Commuter rail study proposed

The state would study the feasibility of a high-speed rail system between Nebraska’s two largest cities under a bill considered Jan. 27 by the Appropriations Committee.

Sen. Adam Morfeld
Sen. Adam Morfeld

LB991, sponsored by Lincoln Sen. Adam Morfeld, would appropriate $500,000 in general funds in fiscal year 2022-23 to the state Department of Transportation to conduct a feasibility study of high-speed commuter rail service between Omaha and Lincoln. The study would include cost estimates, timelines and economic impacts for the creation of such a service.

Morfeld said a similar 2003 study estimated the cost to update existing rail lines owned by BNSF Railway for high-speed rail at $80 million. Those lines have since been updated, he said, so a new study to reevaluate the project is warranted.

In addition, Morfeld said, driving habits have changed since 2003 and more people are interested in public transportation options, including some of the thousands of Nebraskans who commute daily between Lincoln and Omaha.

“The reason why I’m so passionate about this is because I’ve received an overwhelming amount of support for this concept and proposal and I think it’s important to pursue,” Morfeld said.

Richard Schmeling, president of Citizens for Improved Transit and a member of ProRail Nebraska, testified in support of the bill. Calling the commute between Lincoln and Omaha “crowded and unpleasant,” Schmeling said lanes recently added to Interstate 80 have not solved the problem.

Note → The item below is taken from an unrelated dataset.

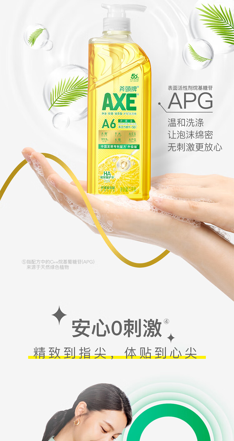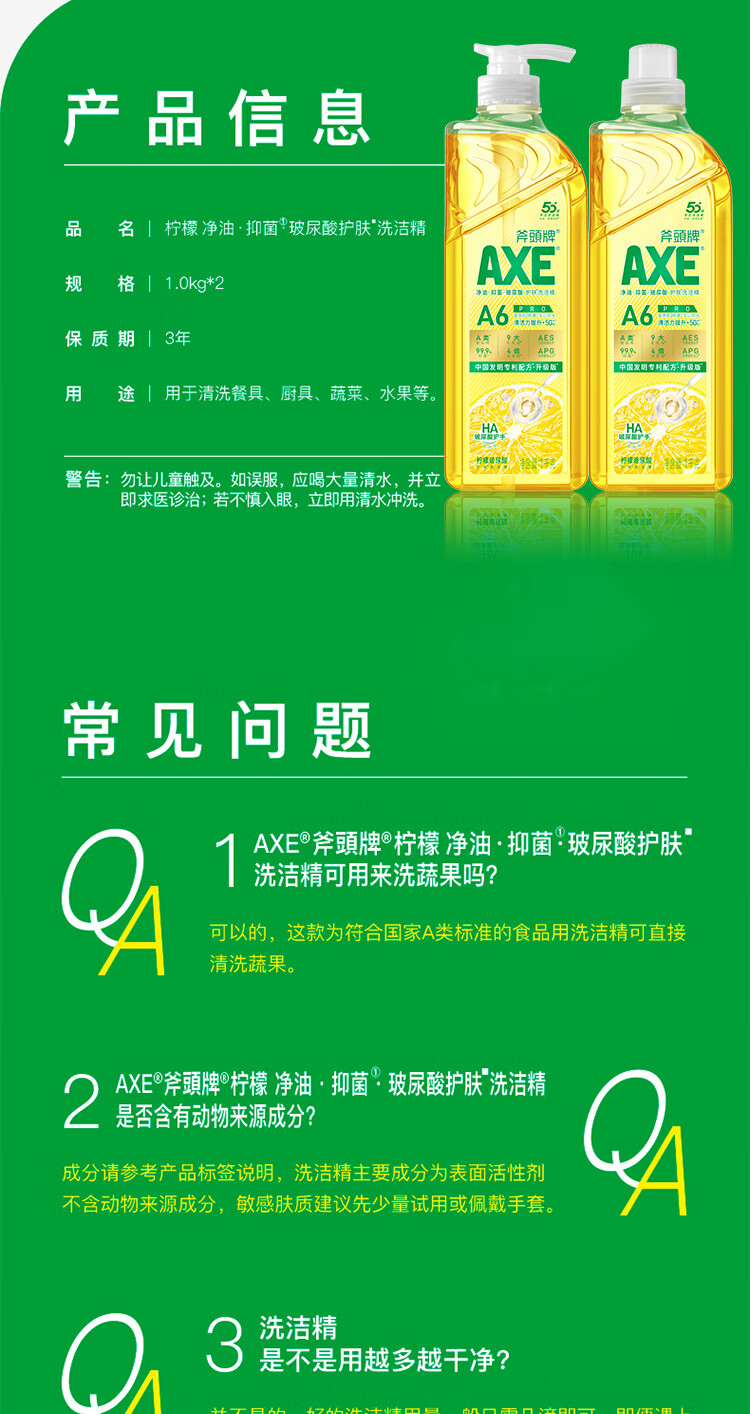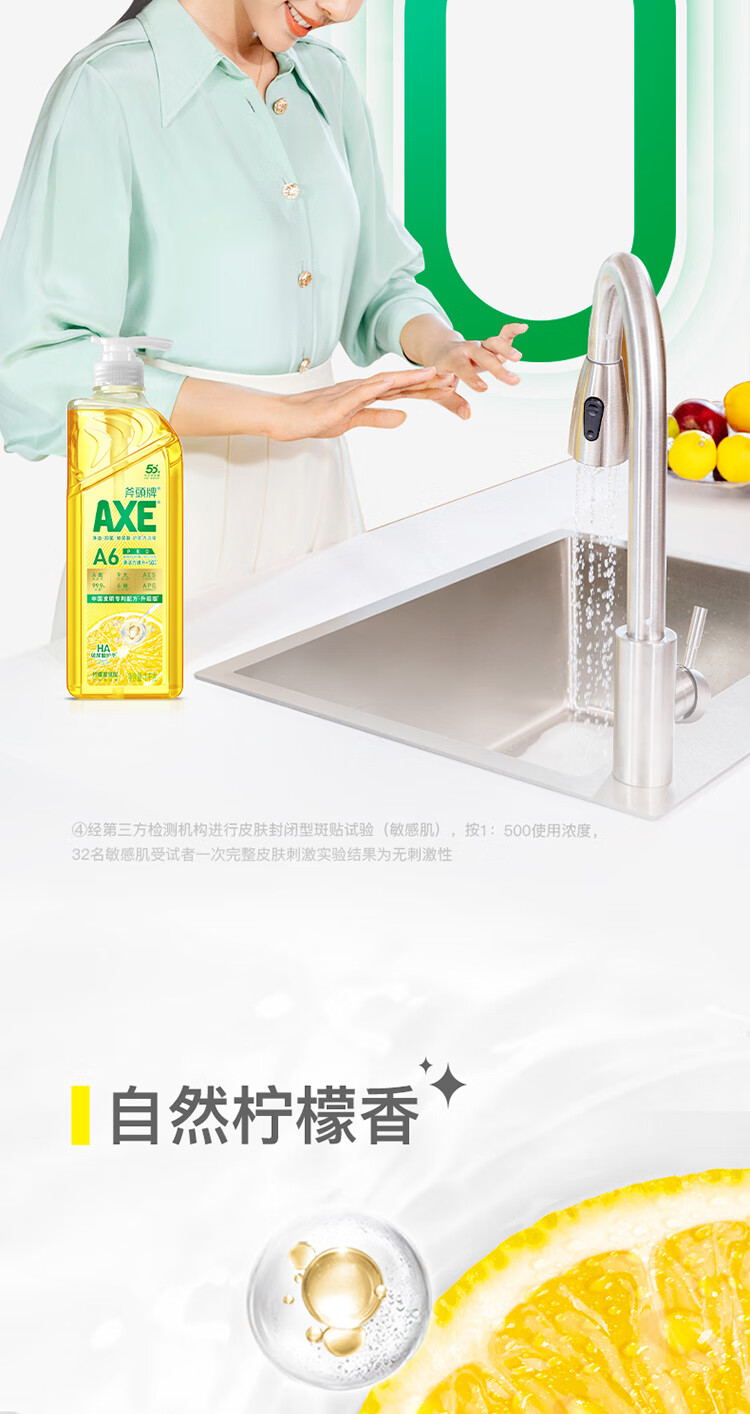 斧头牌(AXE)柠檬玻尿酸洗洁精1kg*2瓶果蔬安心洗清洁力+40%包装随机

In addition, he said, public transportation improvements in both cities have helped to address the question of how riders would get to the high-speed rail stations and to their final destinations upon arrival, addressing the “first mile/last mile” problem.

“We don’t want to put ourselves in a position where we’re going to have to play catch-up ball,” Schmeling said. “If we build it now, it’ll be cheaper than if we build it 10 or 20 years in the future.”

Representing the city of Lincoln, Eric Gerrard also testified in support. Economic expansion will require partnerships between Lincoln and Omaha to entice people to the region, he said, and more public transportation options may be part of that equation.

No one testified in opposition to LB991 and the committee took no immediate action on the bill.